De son côté, Lidl France, qui s’inscrit dans une démarche de transition énergétique, a pour ambition de posséder d’ici la fin de l’année 100 camions fonctionnant au gaz naturel, 14 véhicules au B100 et un premier véhicule frigorifique Renault 100 % électrique. Ce dernier livre l’ensemble des supermarchés Lidl en Île-de-France. Un des leviers d’action de l’enseigne est le meilleur remplissage de ses véhicules qui va passer de 94 % à 96 % dans les trois prochaines années (l’équivalent de 13 000 km économisés tous les jours), ainsi que la valorisation des déchets issus des retours de magasins (250 000 tonnes à l’échelle nationale). Point.P, distributeur de matériaux de construction, a lui lancé depuis trois ans un service de péniche pouvant transporter 1 100 tonnes de matériaux, soit 42 camions de 26 tonnes éliminés sur la route. De plus, 90 % des livraisons à Paris sont faites avec des camions au gaz naturel. La marque teste également un service de location de camionnettes électriques pour ses clients.
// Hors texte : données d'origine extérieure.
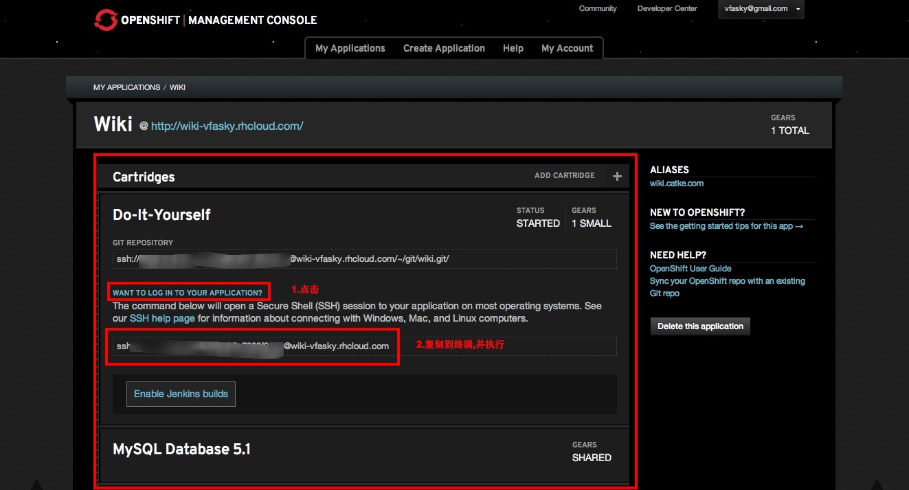 访问 https://openshift.redhat.com/app/console/applications/wiki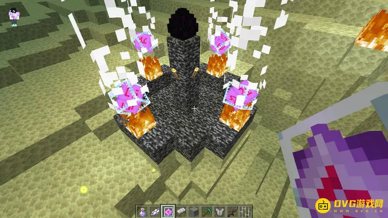 1,首先我们需要拿着末影水晶,找到末影龙的传送门,然后在四周都放上末影水晶,按照如图所示即可。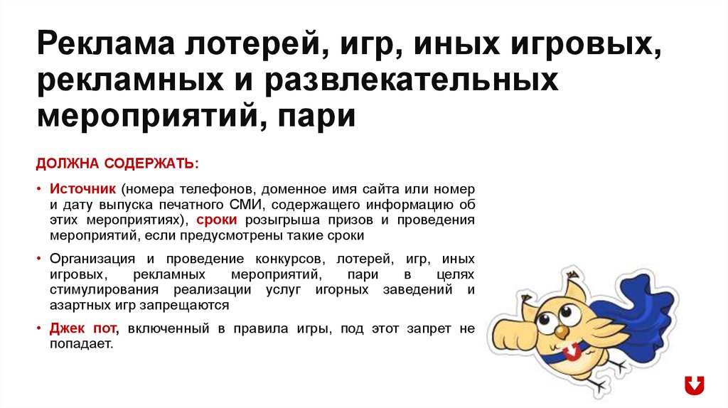 Реклама лотерей, игр, иных игровых,рекламных и развлекательных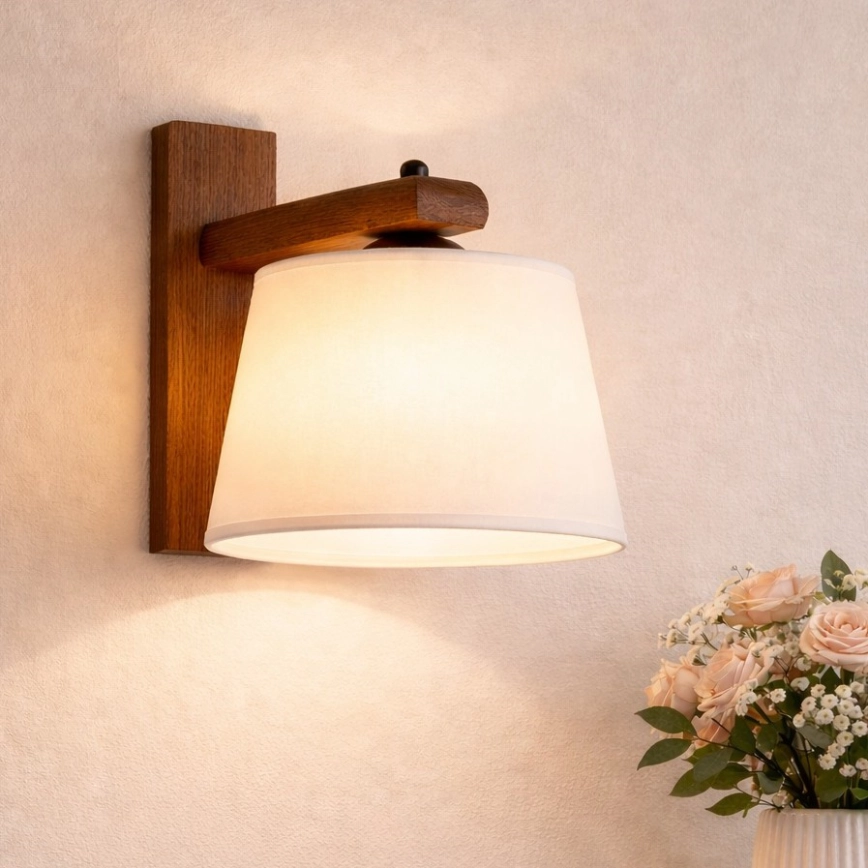Dzīvojamā istaba un guļamistaba, Iekšējais apgaismojums, Koka sienas lampas, Lampas, Sienas lampas, Sienas lampas, Telpas
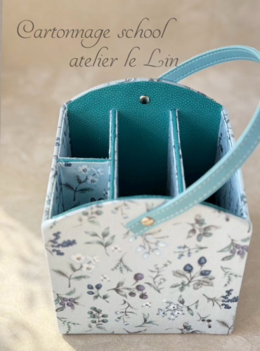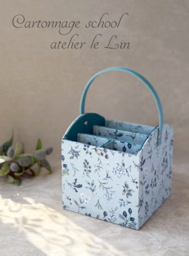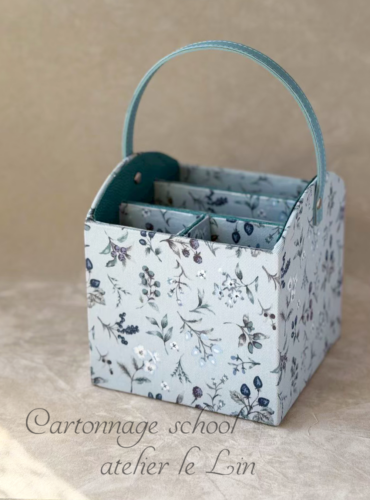 メガネスタンド(生徒さまカルトナージュ作品) 2026/4/23 生徒さま作品 Tさまの作品です。 ブルーのナチュラルなお花柄で、メガネスタンド。 リモコンスタンド然り、仕切りの調整などがなかなか難しい作品ですが、美しい仕上がりです♡ブルー系でまとめられました! 側面と持ち手、3つのカーブのバランスが可愛い作品です♪^^
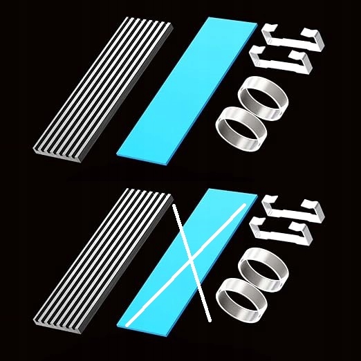 - Тепловая шайба расположена между SSD M.2 и тепло -телом и проводит тепло от M.2 SSD до тела на радиаторе. Имеет низкую вязкость, теплопроводность, изоляцию и не повреждает SSD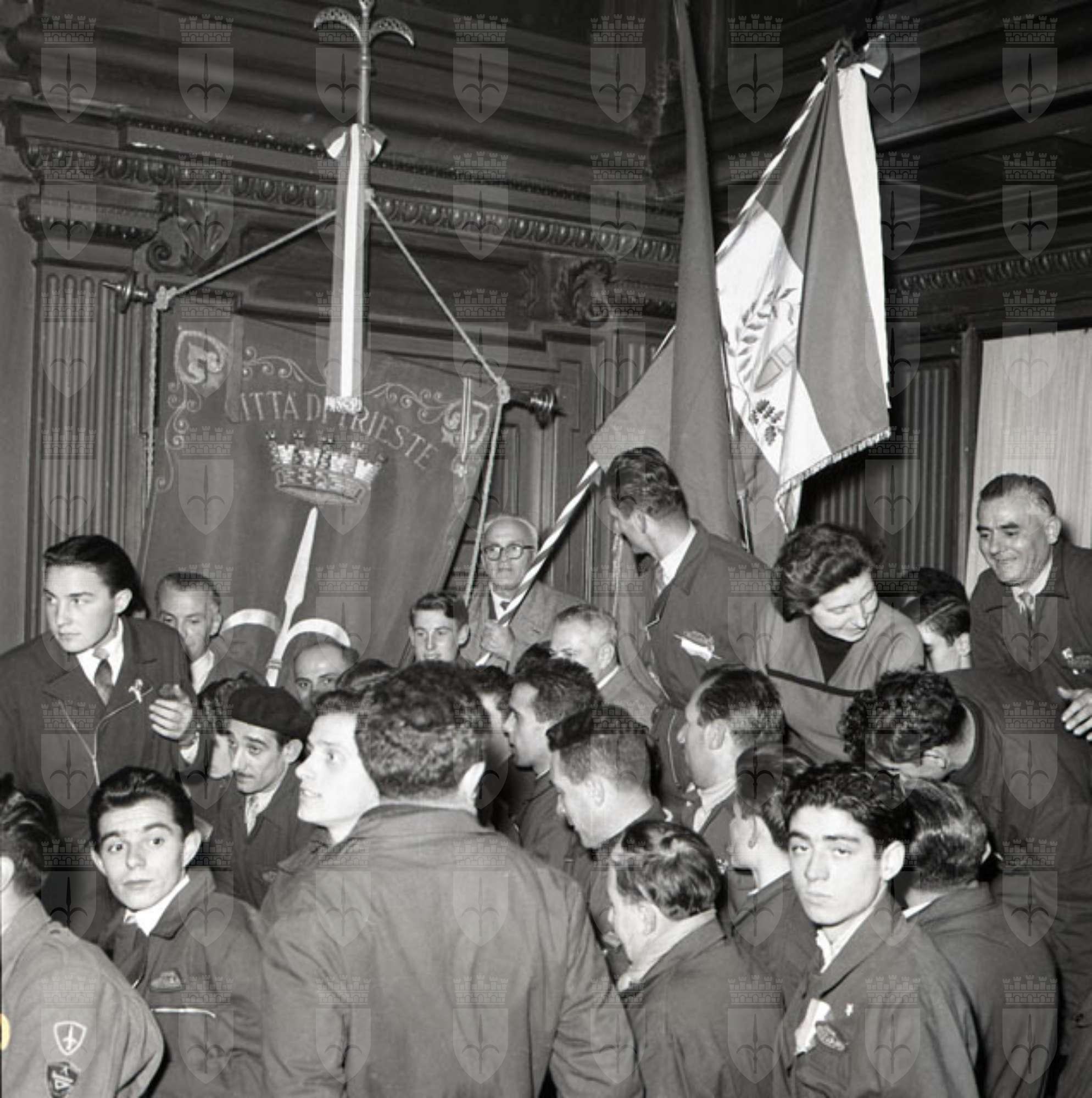 Un'autocolonna tricolore proveniente da Reggio Emilia che porta la prima bandiera tricolore della Repubblica Cisalpina donata dal Comune di Reggio Emilia alla città di San Giusto arriva il 31 ottobre in Piazza Unità. L'autocolonna viene prima ricevuta a Miramare e poi scortata fino a Piazza Unità da una colonna del Vespa Club. Testo tratto da Il Piccolo, 31.10.1954, p. 2.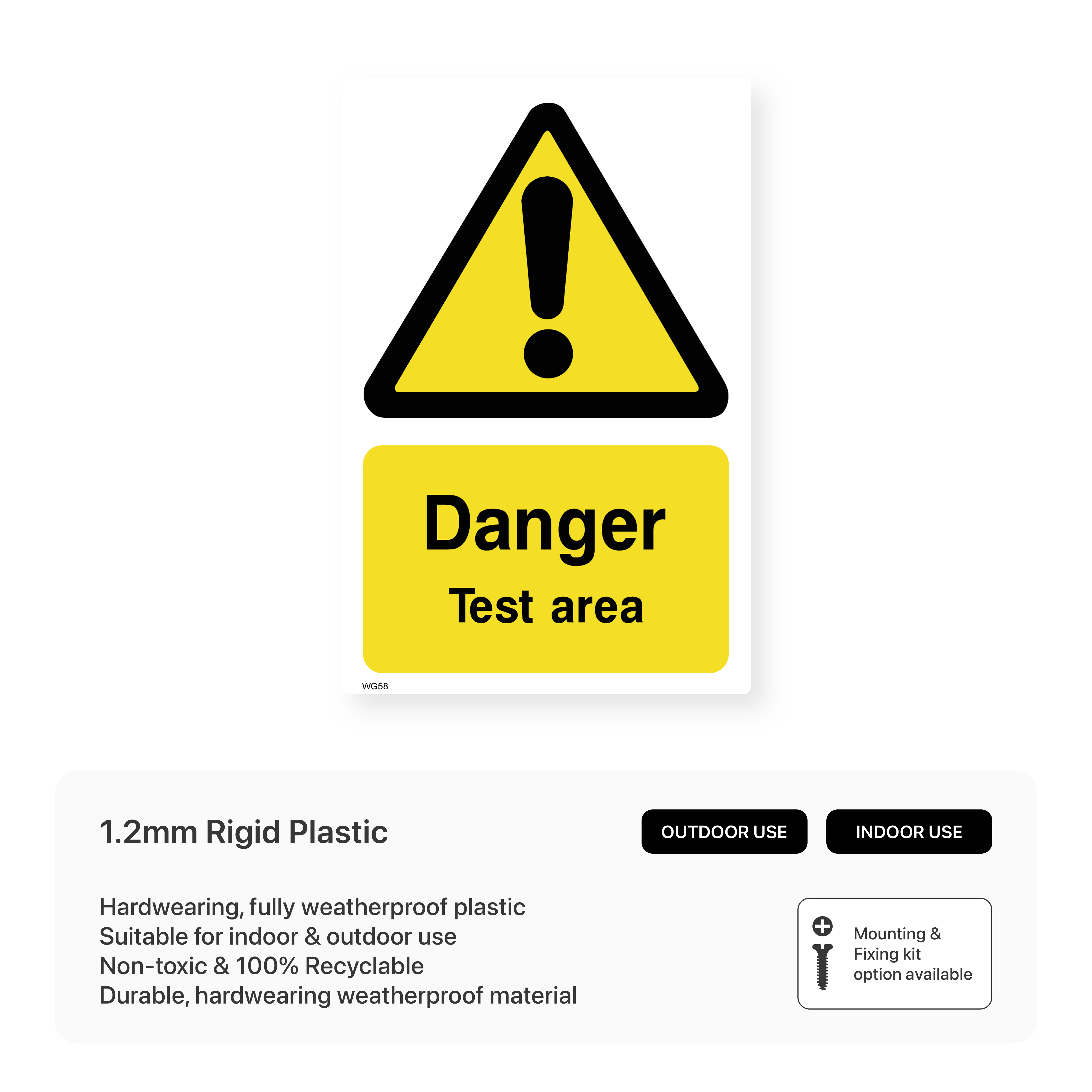 Clearly mark designated test areas with our "Danger - Test Area" sign. This sign effectively communicates that the area is restricted and potentially hazardous due to ongoing tests. Ensure safety and prevent unauthorised access with this essential sign.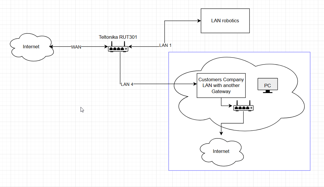 The RUT301 and the “LAN robotics” is managed by us. WAN is provided by the customer.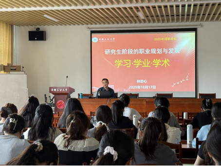 为帮助2025级研究生新生适应学术环境,明晰研究生阶段的成长路径与职业发展方向,10月17日,公司在325报告厅举办2025迎新论坛系列讲座之“研究生阶段的职业规划与发展:学习・学业・学术”。本次讲座由公司副经理林忠心担任主讲人,辅导员吴少华主持,公司全体新生参加。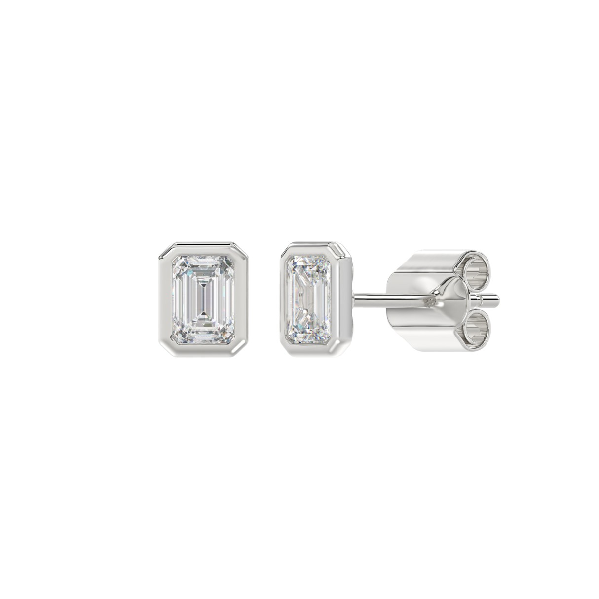 LADIES SOLITAIRE EARRINGS 1CT EMERALD DIAMOND 14K WHITE GOLD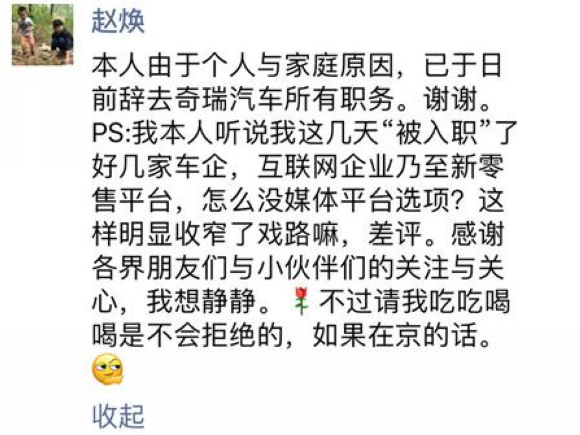 其实,在赵焕本人发布声明之前,其“被离职”的信息已在汽车媒体圈流传开来,甚至有媒体曝出:赵焕即将加盟长城汽车。
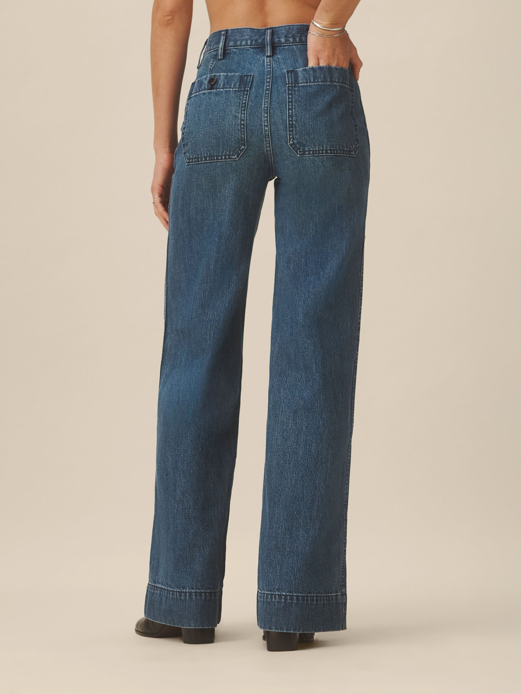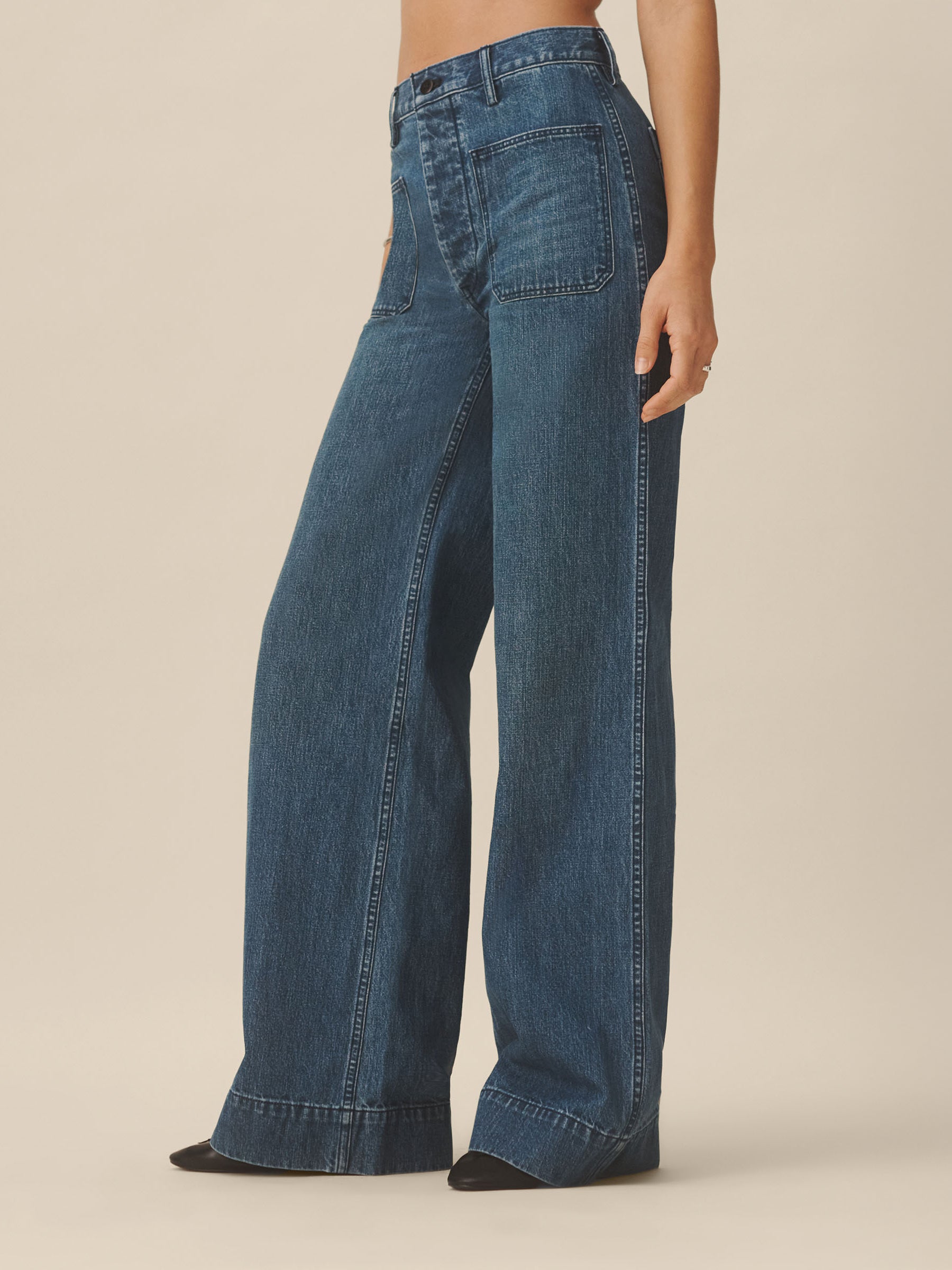 Inspired by 1940s US naval utility uniforms, a pant cut from 100% cotton Japanese indigo denim and finished with a traditional button fly. Designed with a high rise, front patch pockets, felled outseams, and a wide hem.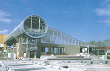 駅舎は「1996グッドデザイン賞」を受賞した建築物。大きな筒状の展望デッキが併設され、町の景観を眺めることができます。広場では、各種イベントが開催され、賑わいを見せます。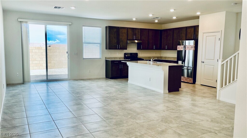 newer home near Rhodes Ranch, 4bedrm 3 bath with 2 car garage, master bath with separate tub & shower, bath2 with extended vanity & cabinets, upgraded stainless steel appliances, 1st floor with upgraded tile, kitchen with upgrade 42cabinets, granite countertop with island, upgrade single basin stainless steel undermount sink, 16 seer air conditioner system with wifi smart thermostat, energy star qualified, Smart Tech Package Included Fiber Optic Ready package. Includes a 30" plastic smart box, dedicated high voltage circuit ran to the smart box (110volt outlet), conduit (smurf tube) ran from the smart box to the electrical panel, cat-6 and RG6 ran from the smart box to the electrical panel, and 2 1+1 outlets located in the Primary bedroom and great room ran to the smart box. fluorescent light in the garage. Mission railing at full stairway. upgrade carpet. extra parking spaces direct across from the house. brand new stainless steel Refrigerator, washer and dryer , blinds thru out."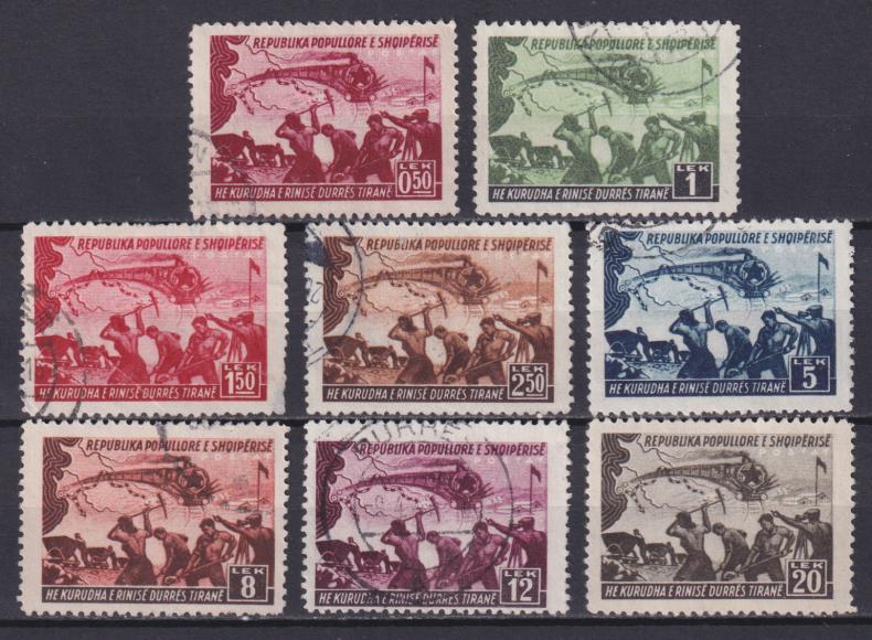 1948 г.АлбанияУ марки номиналом 1:50 L залом у левого нижнего угла.Смотрите изображение.Состояние: гашеныеКлей: без наклейки, без клеяДефекты: заломMichel: № 448-455 (●) 60 €

Services Ecusson Vert, société de livraison du denier kilomètre sur Montpellier, exploite le véhicule électrique Easy Flex qui facilite la vie pour ses livreurs et les robots TwinswHeel qui se faufilent dans les petites rues et montent les marches d’escaliers. Enfin, Unigros, l’union des grossistes du marché de Rungis, évoque un projet pilote de mutualisation des commandes porté par quatre grossistes du secteur bio, tous spécialisés dans des domaines complémentaires et ayant des cibles communes de clients. De quoi réduire les émissions carbones de 20 %.
Vers la prolongation du programme ?
2022 sera la dernière année pour le programme InTerLUD. Se posera alors la question de son éventuel renouvellement. « Nous sommes à mi-course. Il faut faire plus, plus vite, surtout dans le contexte des ZFE (zones à faibles émissions) », juge Yann Tréméac, chef adjoint du service Transport et Mobilités de l’Ademe. « Nous souhaitons prolonger le programme car il reste encore à faire », ajoute pour sa part Jean-André Lasserre. Le représentant du Gouvernement, Marc Papinutti, directeur général des infrastructures, des transports et de la mer du ministère de la Transition écologique, laisse planer le doute : « Avec la crise sanitaire, nous avons tous travaillé ensemble, rapidement. Il faut rester sur la même lancée avec InTerLUD. Comme le Cilog qui a connu une deuxième édition, nous verrons si nous prolongerons la dynamique d’InTerLUD ou pas ».